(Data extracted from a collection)

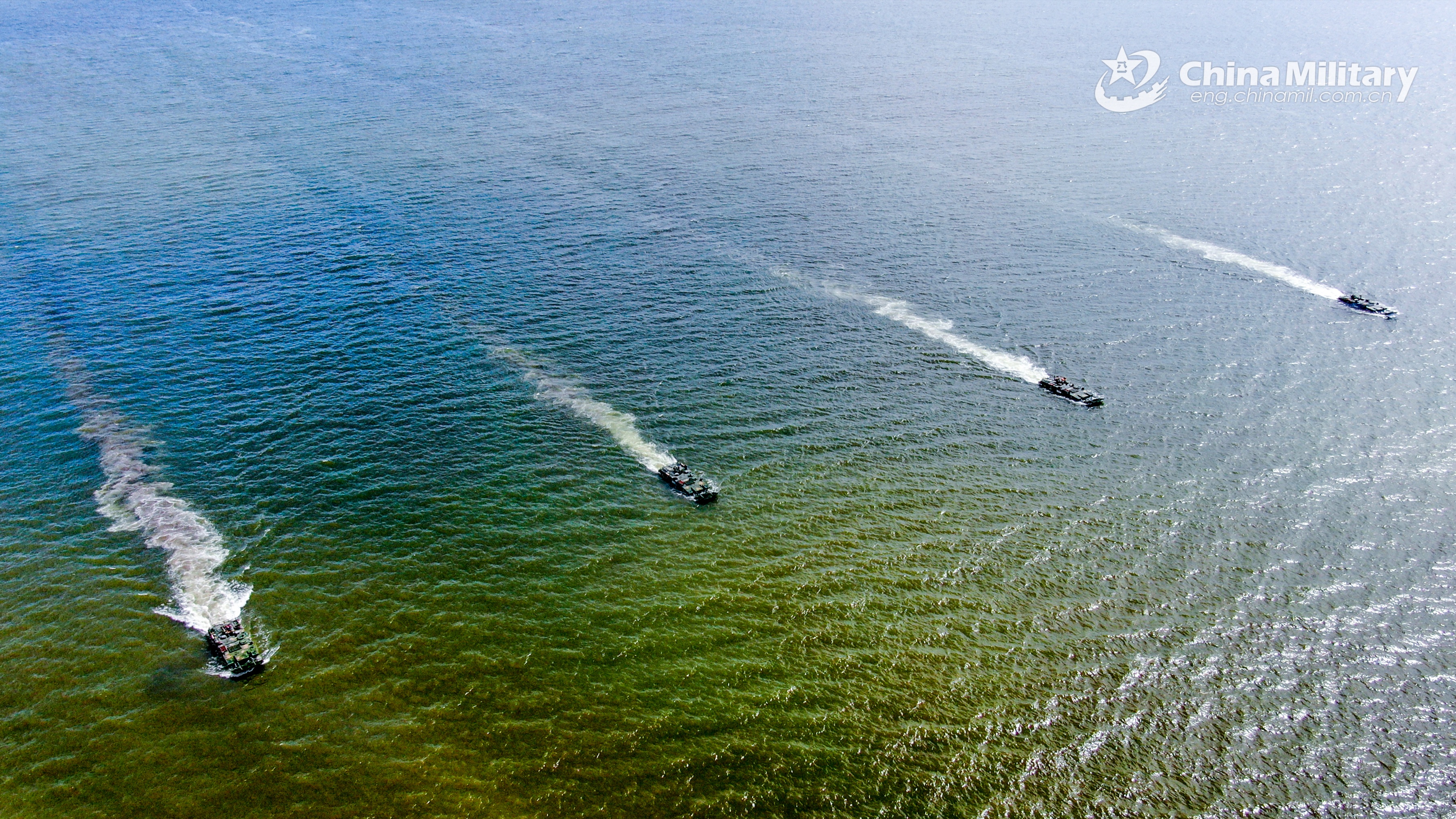 Amphibious armored infantry fighting vehicles (IFV) attached to a brigade with the Chinese PLA Army maneuver towards the designated area during a ferrying and assault wave formation training exercise on July 6, 2025. (eng.chinamil.com.cn/Photo by Zhang Mao)
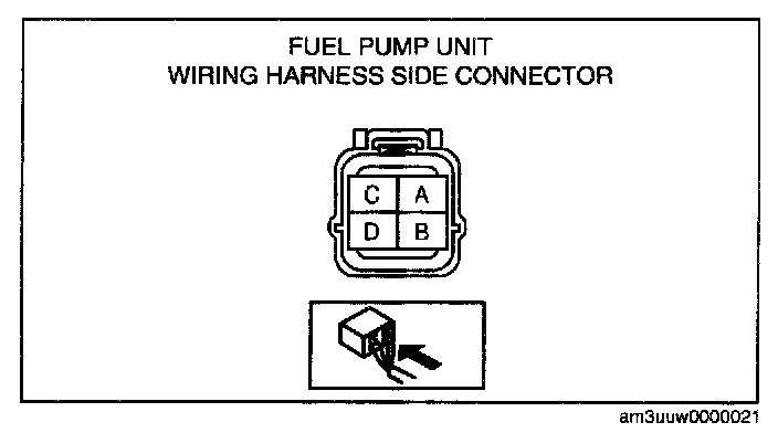 - Fuel pump unit terminal D and power supply
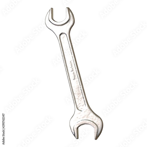 Silver two way metal wrench isolated on white background. 3D rendering of excellent quality in high resolution
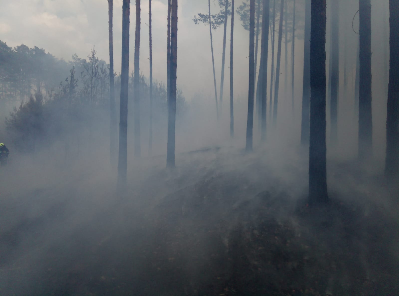 Po przybyciu na miejsce pierwszych zastępów Straży Pożarnej zastano pożar w obszarze zrębu. Porywisty wiatr szybko rozprzestrzeniał ogień w kierunku młodnika oraz w głąb lasu. Ognie lotne wędrowały ponad głowami strażaków przełamując kolejne linie obrony.
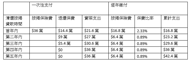 供款期為30,利率為浮息下,保費為銀行貸款的5%。即為800萬樓價9成720萬,之5%,36萬元。如在首年內贖按,即由9成按揭降為沒有按保下最高的6成按揭,可退還40%保費,即是14.4萬元,第二年內為9萬元,第三年內為5.4萬元。實際保費分別為21.6萬元、27萬元及30.6萬元。
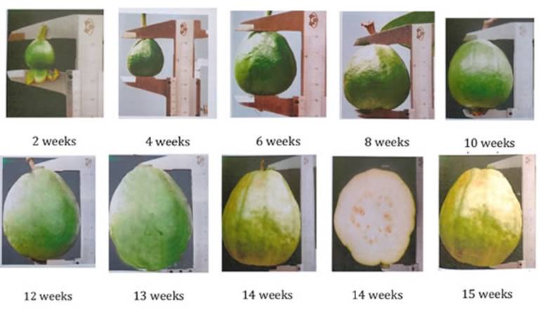 This research examined the ripening time of guava fruit to provide a scientific basis for better harvesting and preservation of these fruits. Biochemical research methods were used to analyse changes in physiological and biochemical parameters according to the growth and development of guava fruit. The fruit took 14 weeks after anthesis to reach its maximum size in terms of length and diameter. The chlorophyll content in guava peel peaked after 10 weeks, decreasing until week 15. The content of carotenoids, which was low at fruit formation, rose rapidly until fruit ripening, while the vitamin C and reducing sugar contents increased continuously and peaked at week 14. A gradual increase was seen in the starch and total organic acid contents from the beginning of fruit formation, with peaks at 10 weeks, followed by a moderate downward trend. The pectin content showed the same trend, as it declined gradually after peaking at 12 weeks. The first 4 weeks showed an increase in the tannin content, which decreased afterward. The study results show that guava fruit should be harvested after physiological maturity and before ripening completely (14 weeks) to ensure that the nutritional value of the fruit is maintained during storage.
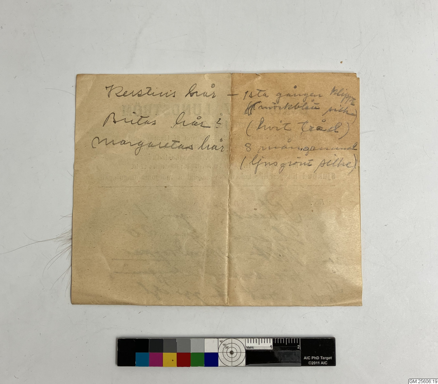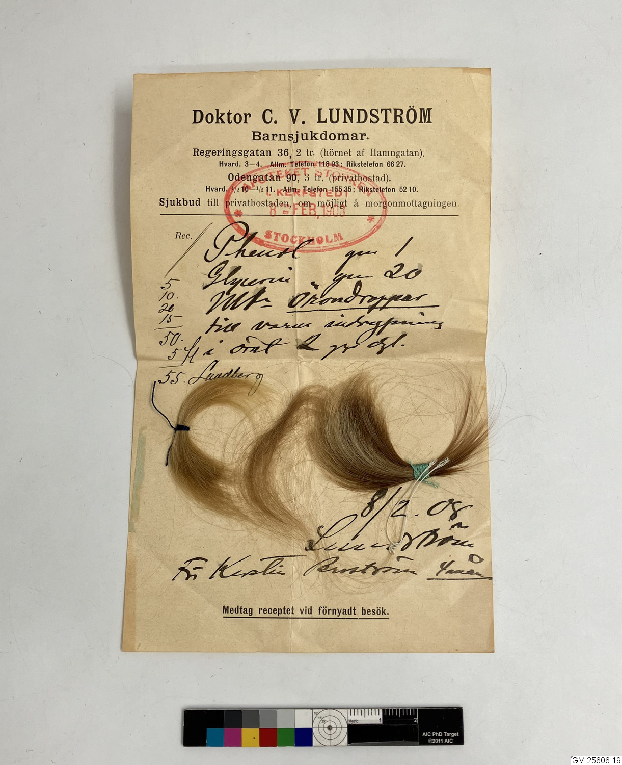 - Ett ihopvikt papper, som ursprungligen är ett receptkvitto från doktor C. V. Lundström, innehållande tre hårlockar omknutna med tunt snöre. På baksidan står "Kerstins hår, första gången klipp (mörkblått silke), Britas hår?, (hvit tråd), Margaretas hår, 8 mån gammal (ljusgrönt silke).
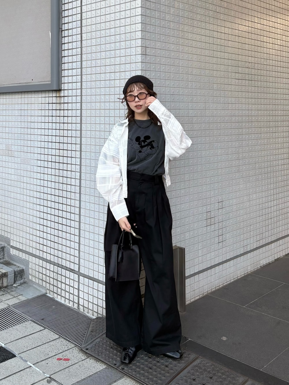 シャツはショート丈で透け感があるので、今の気温だと中にTシャツを着て羽織で使うのがオススメです✨ ワイドパンツとの相性も抜群です🔥

**Aim of the task:**
Nothing but the lines from the one that holds "- Ett ihopvikt" through the end of the data should appear, written out exactly, without pictures.

**Written response:**
 - Ett ihopvikt papper, som ursprungligen är ett receptkvitto från doktor C. V. Lundström, innehållande tre hårlockar omknutna med tunt snöre. På baksidan står "Kerstins hår, första gången klipp (mörkblått silke), Britas hår?, (hvit tråd), Margaretas hår, 8 mån gammal (ljusgrönt silke).
 シャツはショート丈で透け感があるので、今の気温だと中にTシャツを着て羽織で使うのがオススメです✨ ワイドパンツとの相性も抜群です🔥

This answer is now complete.